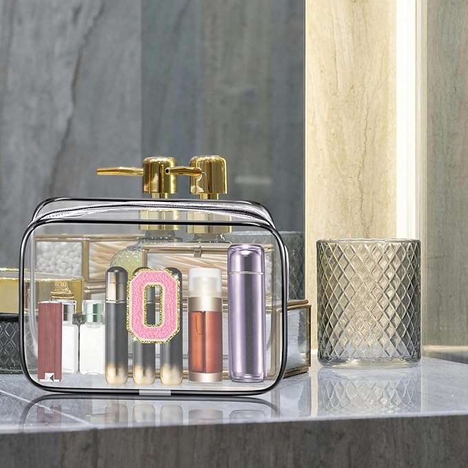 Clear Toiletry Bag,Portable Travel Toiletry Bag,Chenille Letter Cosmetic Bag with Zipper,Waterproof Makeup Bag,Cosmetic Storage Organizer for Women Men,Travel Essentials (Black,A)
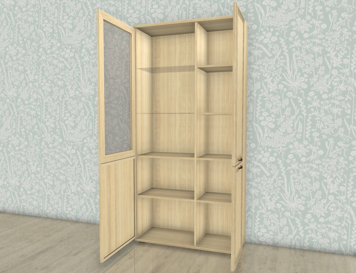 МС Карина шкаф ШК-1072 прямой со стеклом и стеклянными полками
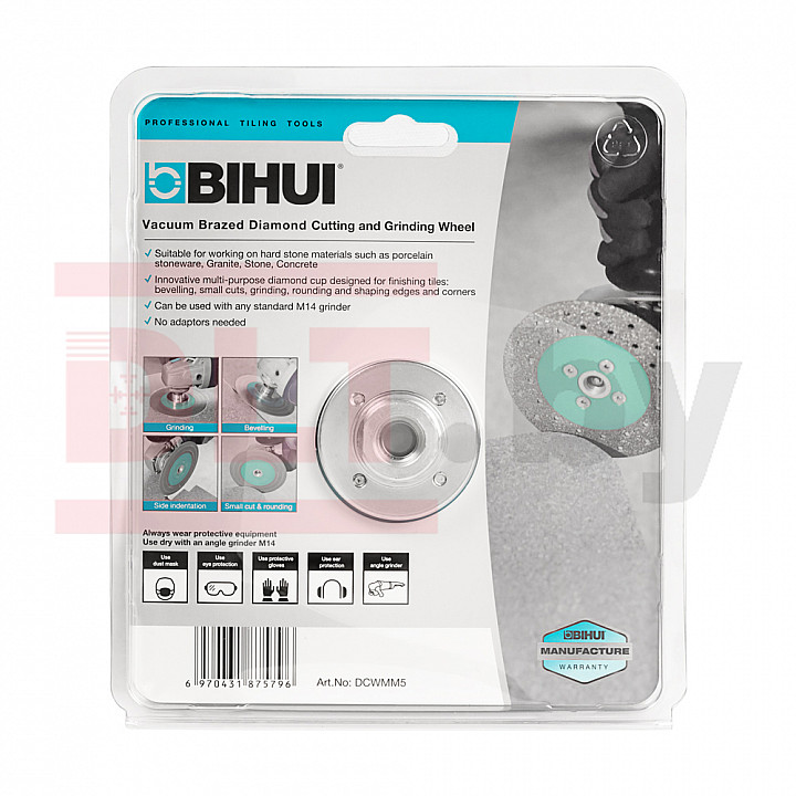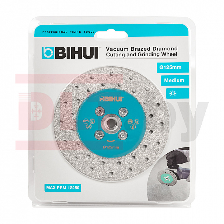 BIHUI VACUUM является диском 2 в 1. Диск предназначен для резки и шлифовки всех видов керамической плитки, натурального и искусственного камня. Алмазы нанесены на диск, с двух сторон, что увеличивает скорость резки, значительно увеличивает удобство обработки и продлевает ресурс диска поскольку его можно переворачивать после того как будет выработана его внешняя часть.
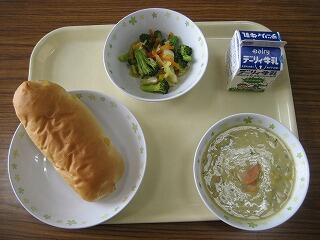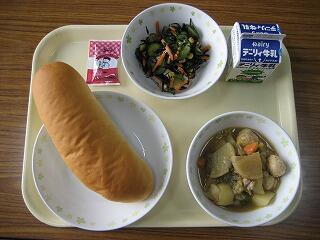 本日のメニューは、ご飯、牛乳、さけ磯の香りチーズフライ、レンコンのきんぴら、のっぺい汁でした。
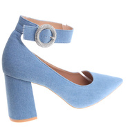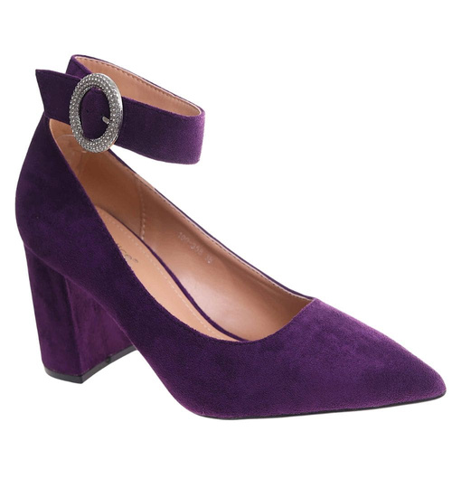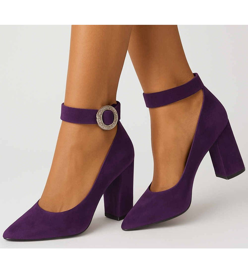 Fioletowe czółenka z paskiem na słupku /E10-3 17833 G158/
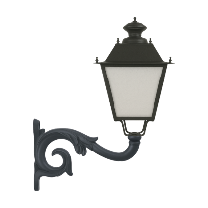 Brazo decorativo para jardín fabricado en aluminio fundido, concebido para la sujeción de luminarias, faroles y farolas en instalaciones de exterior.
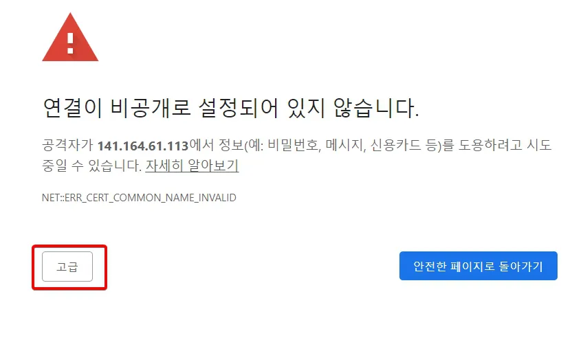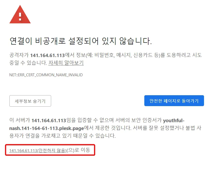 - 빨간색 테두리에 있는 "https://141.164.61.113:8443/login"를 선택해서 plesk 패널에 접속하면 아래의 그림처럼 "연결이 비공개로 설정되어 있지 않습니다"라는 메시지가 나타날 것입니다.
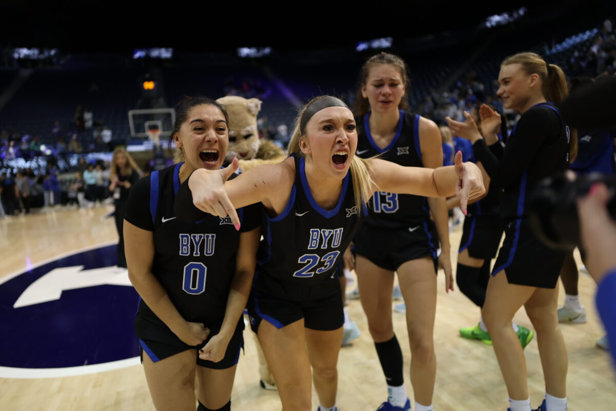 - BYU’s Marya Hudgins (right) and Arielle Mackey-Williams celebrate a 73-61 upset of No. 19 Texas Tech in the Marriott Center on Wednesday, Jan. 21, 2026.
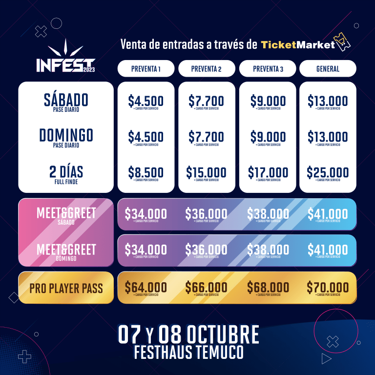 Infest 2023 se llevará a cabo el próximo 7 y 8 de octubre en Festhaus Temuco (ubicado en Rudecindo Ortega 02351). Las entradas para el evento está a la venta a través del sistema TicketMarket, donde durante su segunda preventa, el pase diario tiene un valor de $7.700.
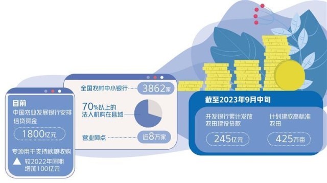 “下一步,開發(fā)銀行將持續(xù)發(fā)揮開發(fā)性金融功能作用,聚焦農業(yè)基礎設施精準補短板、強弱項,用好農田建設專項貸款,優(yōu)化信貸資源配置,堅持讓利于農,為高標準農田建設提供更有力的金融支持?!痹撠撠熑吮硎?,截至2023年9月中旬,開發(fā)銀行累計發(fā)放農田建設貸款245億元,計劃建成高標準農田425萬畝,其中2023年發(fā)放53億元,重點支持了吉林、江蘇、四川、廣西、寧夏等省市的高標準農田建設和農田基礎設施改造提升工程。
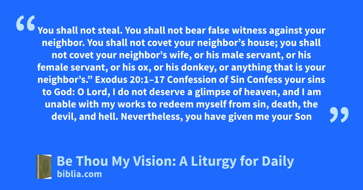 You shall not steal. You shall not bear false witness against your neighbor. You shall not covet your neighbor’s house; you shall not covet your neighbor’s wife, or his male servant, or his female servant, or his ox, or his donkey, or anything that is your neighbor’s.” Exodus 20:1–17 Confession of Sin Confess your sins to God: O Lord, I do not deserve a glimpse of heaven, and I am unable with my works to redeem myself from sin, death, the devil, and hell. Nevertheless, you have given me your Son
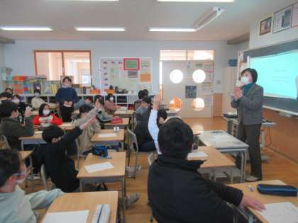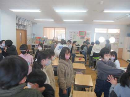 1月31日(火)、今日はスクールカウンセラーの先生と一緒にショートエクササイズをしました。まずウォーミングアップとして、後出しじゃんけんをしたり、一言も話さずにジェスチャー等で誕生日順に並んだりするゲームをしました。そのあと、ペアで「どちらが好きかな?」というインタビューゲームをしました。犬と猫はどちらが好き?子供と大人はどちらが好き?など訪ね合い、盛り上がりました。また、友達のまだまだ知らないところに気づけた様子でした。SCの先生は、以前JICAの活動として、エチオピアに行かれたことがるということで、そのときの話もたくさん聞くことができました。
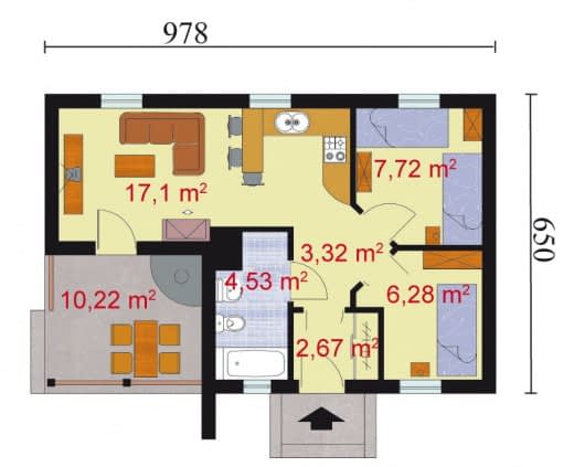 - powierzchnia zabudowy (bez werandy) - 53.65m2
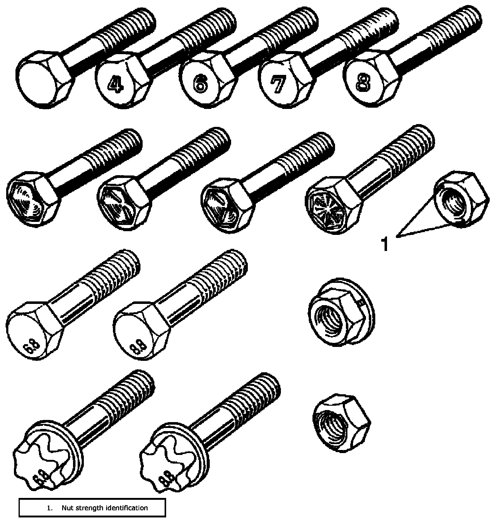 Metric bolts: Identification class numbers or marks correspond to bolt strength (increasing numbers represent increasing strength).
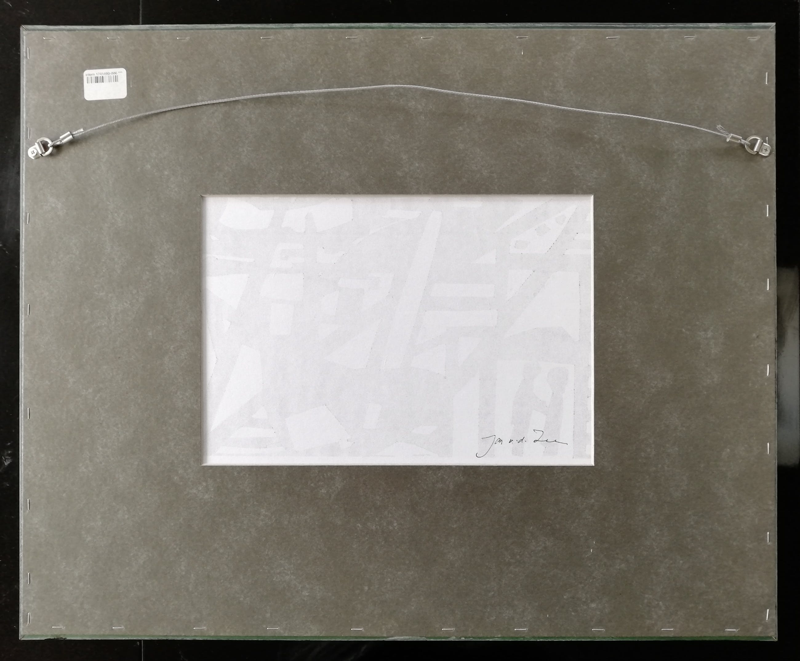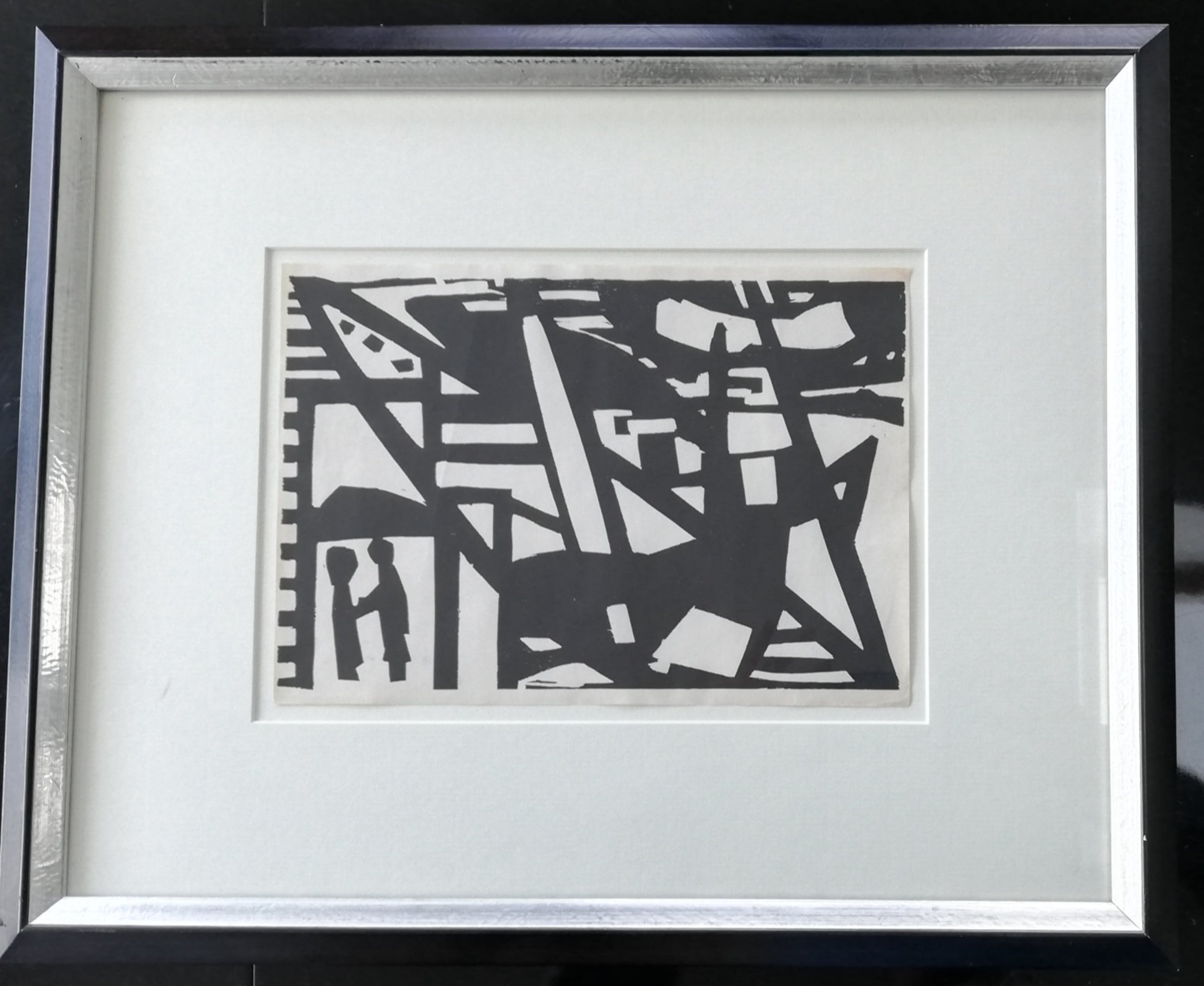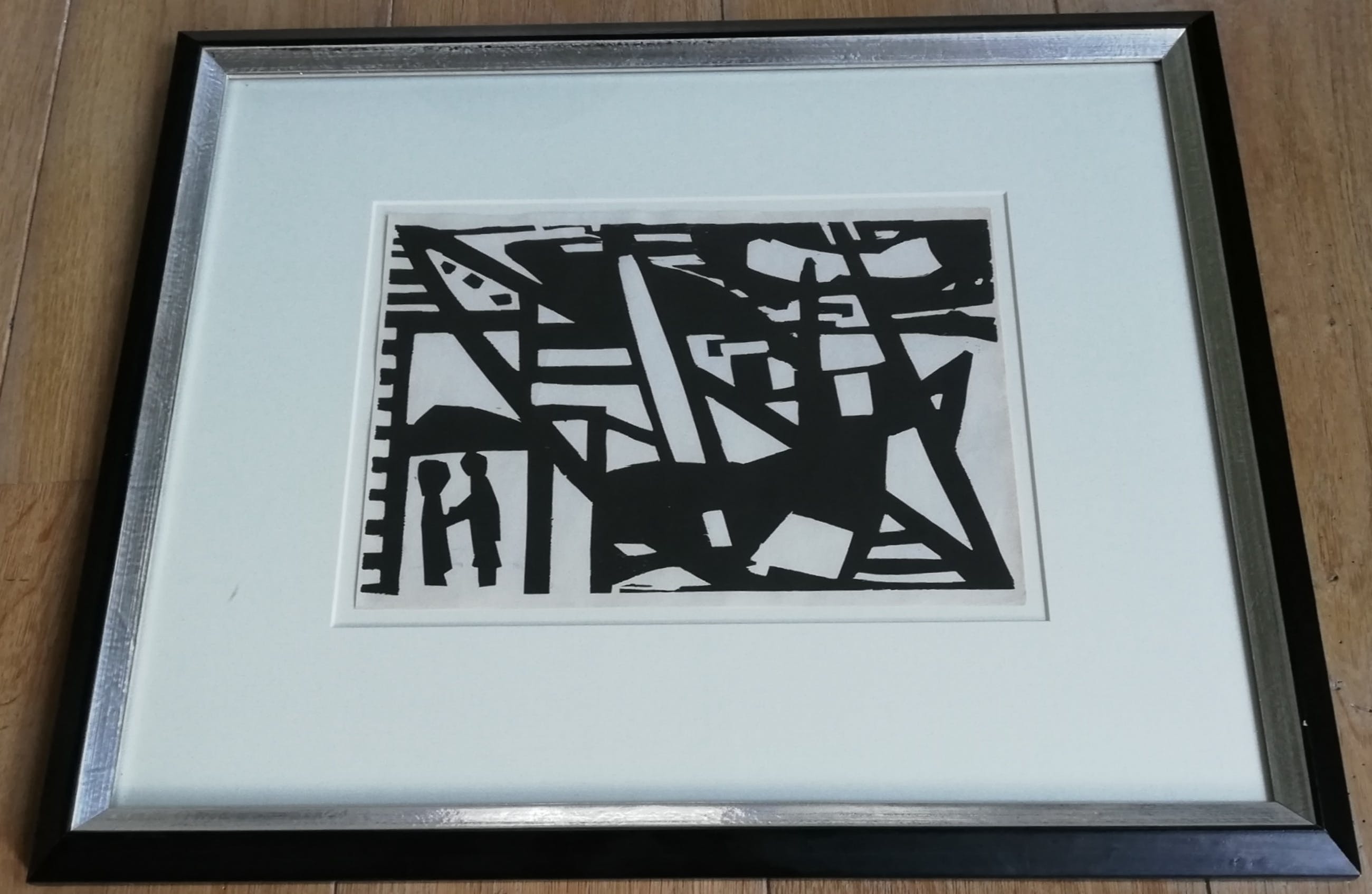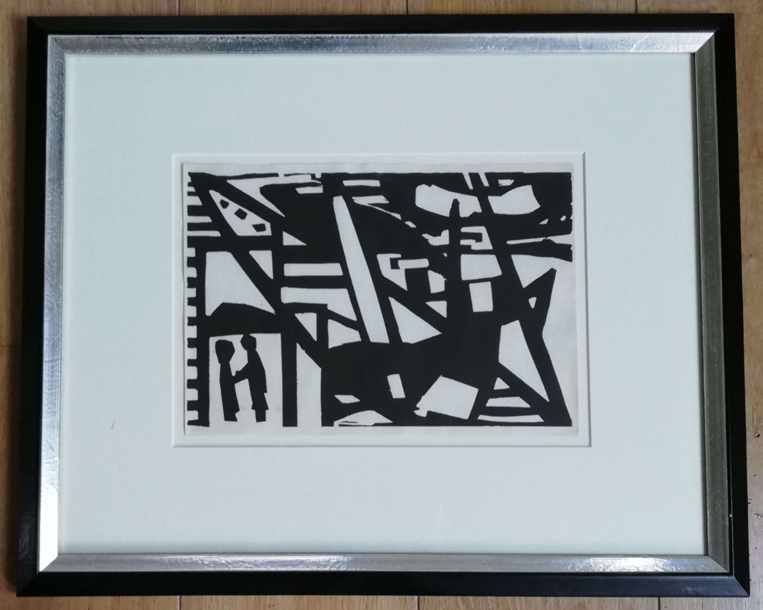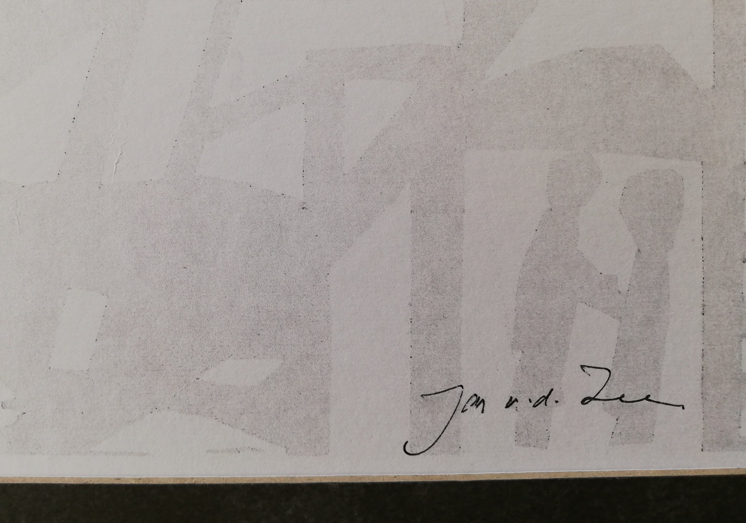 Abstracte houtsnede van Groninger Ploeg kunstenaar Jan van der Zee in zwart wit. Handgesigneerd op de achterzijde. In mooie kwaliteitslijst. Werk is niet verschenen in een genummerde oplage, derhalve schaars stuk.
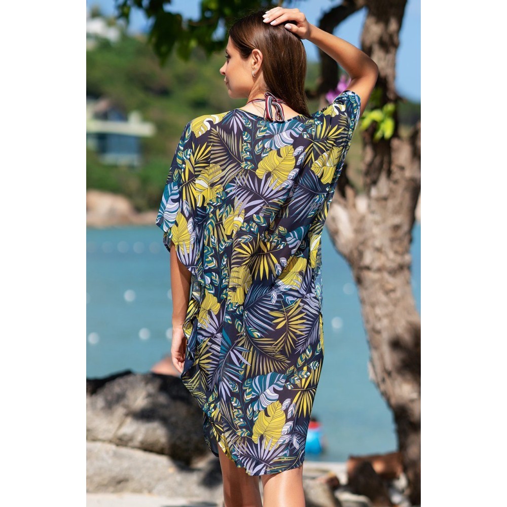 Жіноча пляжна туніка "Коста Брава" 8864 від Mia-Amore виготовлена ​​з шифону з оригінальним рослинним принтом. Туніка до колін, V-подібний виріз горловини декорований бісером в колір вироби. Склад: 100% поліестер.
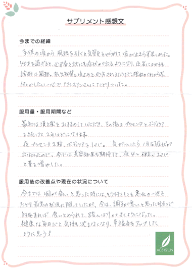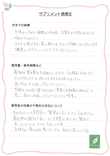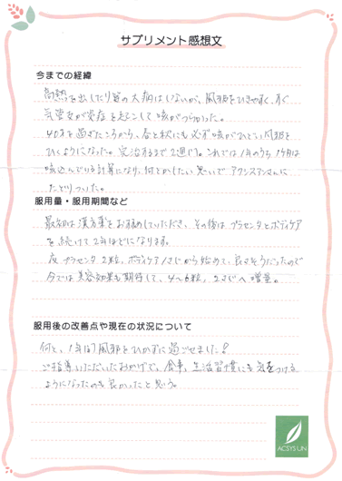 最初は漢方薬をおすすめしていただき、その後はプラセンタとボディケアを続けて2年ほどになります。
::::
- WHAT YOU ARE ASKED TO DO:
In the data above, find the line containing "Brazo decorativo para" and the line containing "- 빨간색 테두리에 있는". Copy exactly the stretch from the first through the second, both included, leaving out any picture.

- RESPONSE AREA:
 Brazo decorativo para jardín fabricado en aluminio fundido, concebido para la sujeción de luminarias, faroles y farolas en instalaciones de exterior.
 - 빨간색 테두리에 있는 "https://141.164.61.113:8443/login"를 선택해서 plesk 패널에 접속하면 아래의 그림처럼 "연결이 비공개로 설정되어 있지 않습니다"라는 메시지가 나타날 것입니다.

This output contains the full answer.